StR Dr. Werwigk (FDP) stellt fest, dass es in Straßen, in denen Sperrmüll abgeholt wird, immer chaotisch aussieht. Wer heutzutage etwas noch Gebrauchsfähiges hat, könne dies in Secondhandläden bringen. Das Abholverfahren auf Abruf sei sauberer für die Stadt, und es habe sich in vielen anderen Städten bewährt.

StR Dr. Schlierer (REP) weist darauf hin, dass als Argument für die Sperrmüllabfuhr auf Abruf die angeblich hohe Akzeptanz in der Bevölkerung angeführt werde; jedoch sei die entsprechende Zeitungsumfrage mit Sicherheit nicht repräsentativ. Es gebe zwar die berechtigte Kritik am Müllverwertertourismus in den Abfuhrnächten und am Zerfleddern des Sperrmülls, aber andererseits gebe es den Recyclingeffekt, auch wenn er hier bestritten wurde. Es möge ja sein, dass die Mängel am bisherigen System dazu beigetragen haben, dass manche das andere System bevorzugen, aber allein darauf lasse sich die Entscheidung seiner Ansicht nach nicht stützen. Denn bei der Abwägung der Vor- und Nachteile müsse auch berücksichtigt werden, dass das Bestellsystem auf Karte mit Sicherheit für einige Bevölkerungsgruppen eine bürokratische Schwelle darstellen werde, was dazu führen könne, dass die Sperrmüllabfuhr z. B. von alten Leuten oder Bevölkerungsgruppen mit Sprachbarrieren nicht mehr angenommen wird. Auch alleinstehende Berufstätige würden Probleme haben, ihren Sperrmüll loszuwerden. Es sei damit zu rechnen, dass es nach Abschaffung der turnusmäßigen Abfuhr in wenigen Jahren zu einer Zunahme illegaler Restmüllablagerungen in den Grünanlagen und Wäldern kommt. Das bisherige System habe sich trotz seiner Mängel bewährt.

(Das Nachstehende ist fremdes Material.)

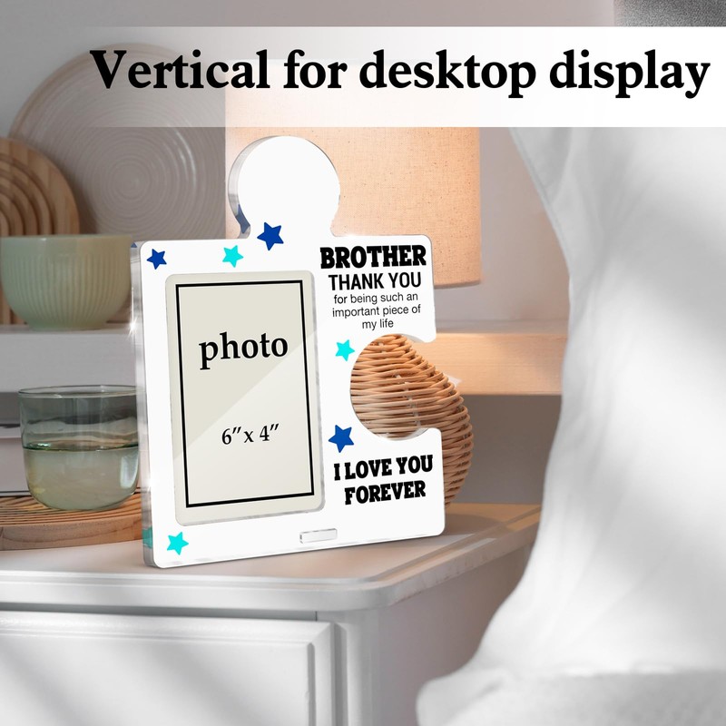 Gifts for Brother from Sister Photo Frame, Brother Birthday Gifts for Men Boys Thanksgiving Christmas Gift Idea, Brother Acrylic Puzzle Piece Tabletop Picture Frames, Vertical Photo 6 x 4 Inches

StR Rockenbauch (SÖS) moniert, dass sein Antrag Nr. 331/2004 zur Beibehaltung der turnusmäßigen Abholung des Sperrmülls in dieser Sitzung nicht zur Diskussion gestellt worden ist.

Hierzu erklärt OB Dr. Schuster, dass im Moment ja genau darüber beraten werde, ob es sinnvoll ist, die Sperrmüllabfuhr umzustellen oder nicht. Die Verwaltung habe sich in ihrer Vorlage für eine Umstellung ausgesprochen. In einigen Stellungnahmen aus der Mitte des Gemeinderats seien gewichtige Gründe dagegen vorgebracht worden. Nun gelte es das Pro und Contra abzuwägen. Im Übrigen sei auch die Haltung der Bevölkerung gespalten.

Für ihn sei es ein wichtiger Teil des neuen Konzepts, dass sich Sozialunternehmen um eine Wiederverwertung unter sozialen Aspekten kümmern. Er stimme allerdings StR Wölfle und StR Zaiß zu, dass diese Aufgabe nicht zum Nulltarif übernommen wird. Es sei klar, dass die hierfür erforderlichen Mittel über die Abfallgebühren refinanziert werden müssen.

Abschließend stellt OB Dr. Schuster den Beschlussantrag der GRDrs 995/2005 einschließlich der Ergänzung durch den Ausschuss für Umwelt und Technik zur Abstimmung hält fest:

Der Gemeinderat beschließt bei 19 Nein-Stimmen mehrheitlich wie beantragt.